[What the exercise asks] Exactly as written, print the lines from the top of the listing through the line containing "C.百团大战 D.西安事变的和平解决"; include no pictures.

[Data extract]
::::::

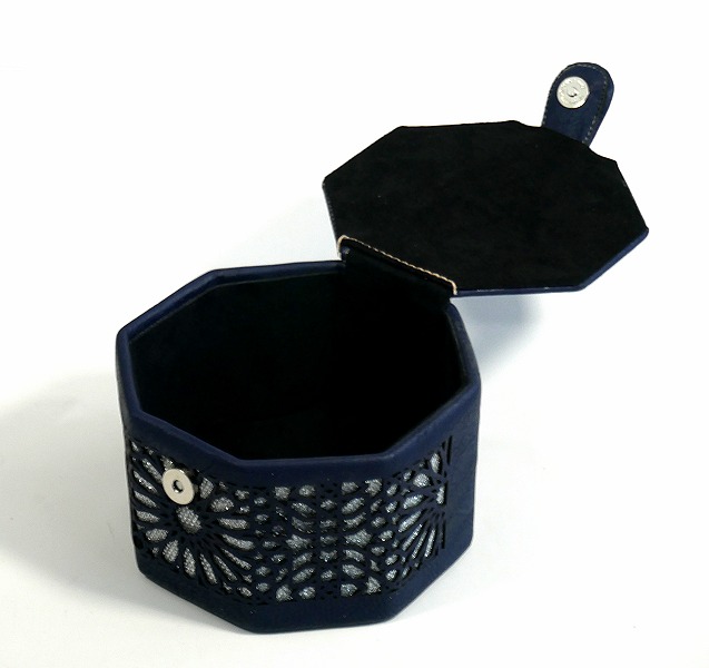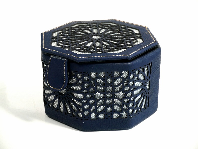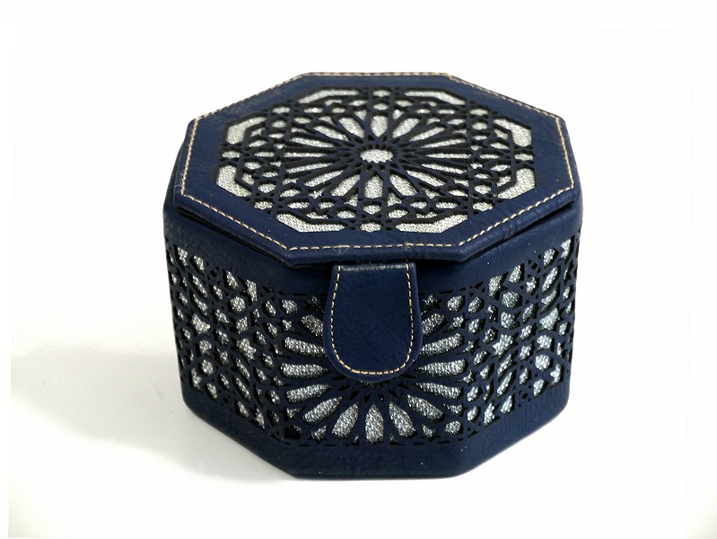 Boite de Rangement artisanale de forme octogonale en cuir avec des jolies motifs argentes - Couleur bleu nuit
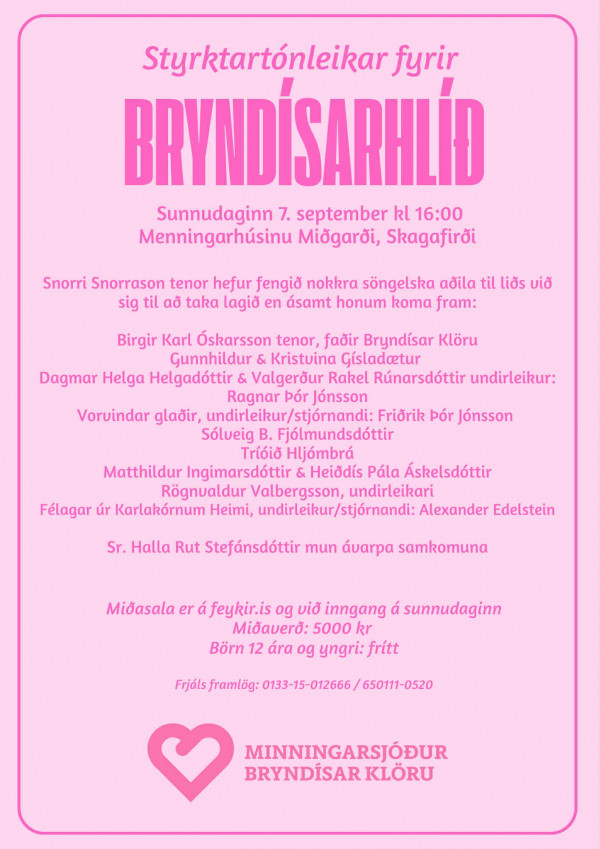 Styrktartónleikar fóru fram 7.sept 2025 - einvalalið Skagfirðinga kom fram á tónleikunum ásamt Birgi Karli föður Bryndísar Klöru heitinnar.
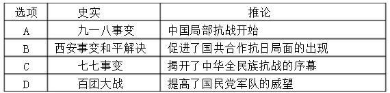 C.百团大战 D.西安事变的和平解决
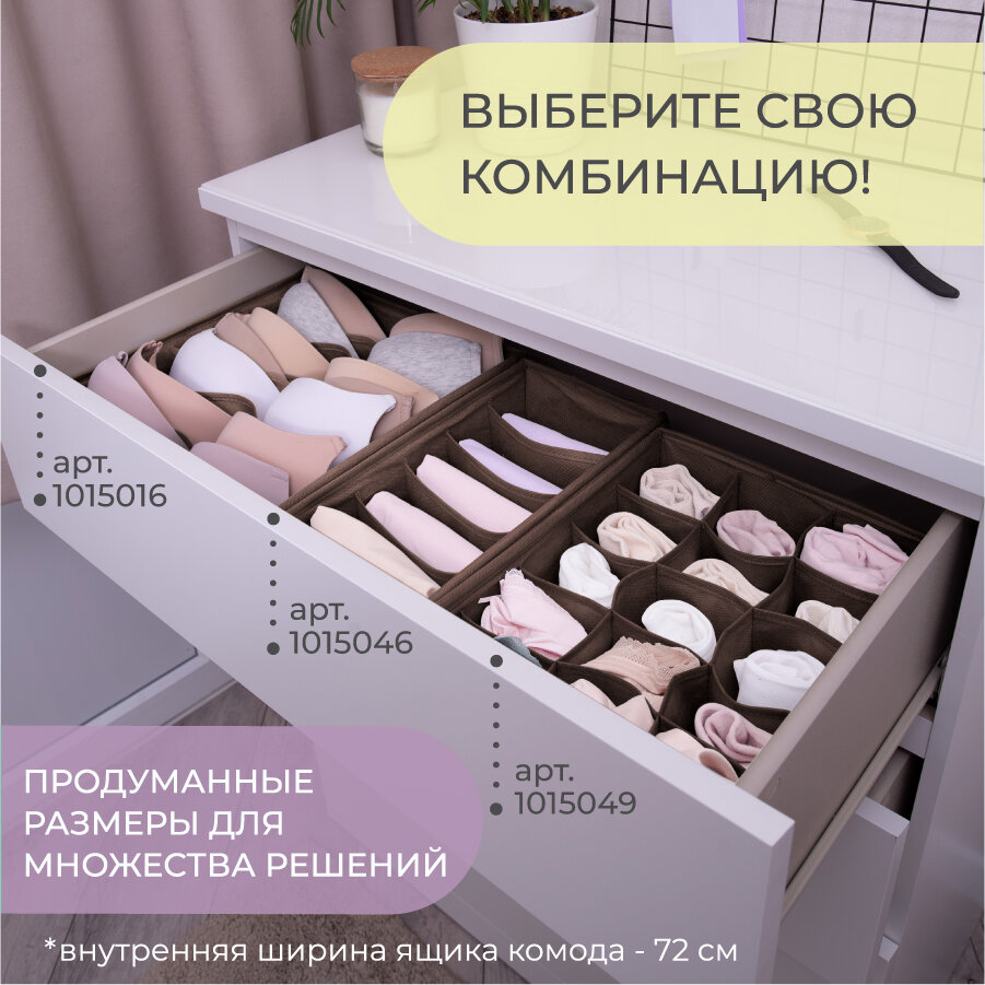 | Отзыв: | Всё на местах - всё трусики и носочки. Очень мягкий органайзер - только для использования в ящике с твёрдыми стенками-ограничителями и твердым дном |

::::::

[Exercise solution]
 Boite de Rangement artisanale de forme octogonale en cuir avec des jolies motifs argentes - Couleur bleu nuit
 Styrktartónleikar fóru fram 7.sept 2025 - einvalalið Skagfirðinga kom fram á tónleikunum ásamt Birgi Karli föður Bryndísar Klöru heitinnar.
 C.百团大战 D.西安事变的和平解决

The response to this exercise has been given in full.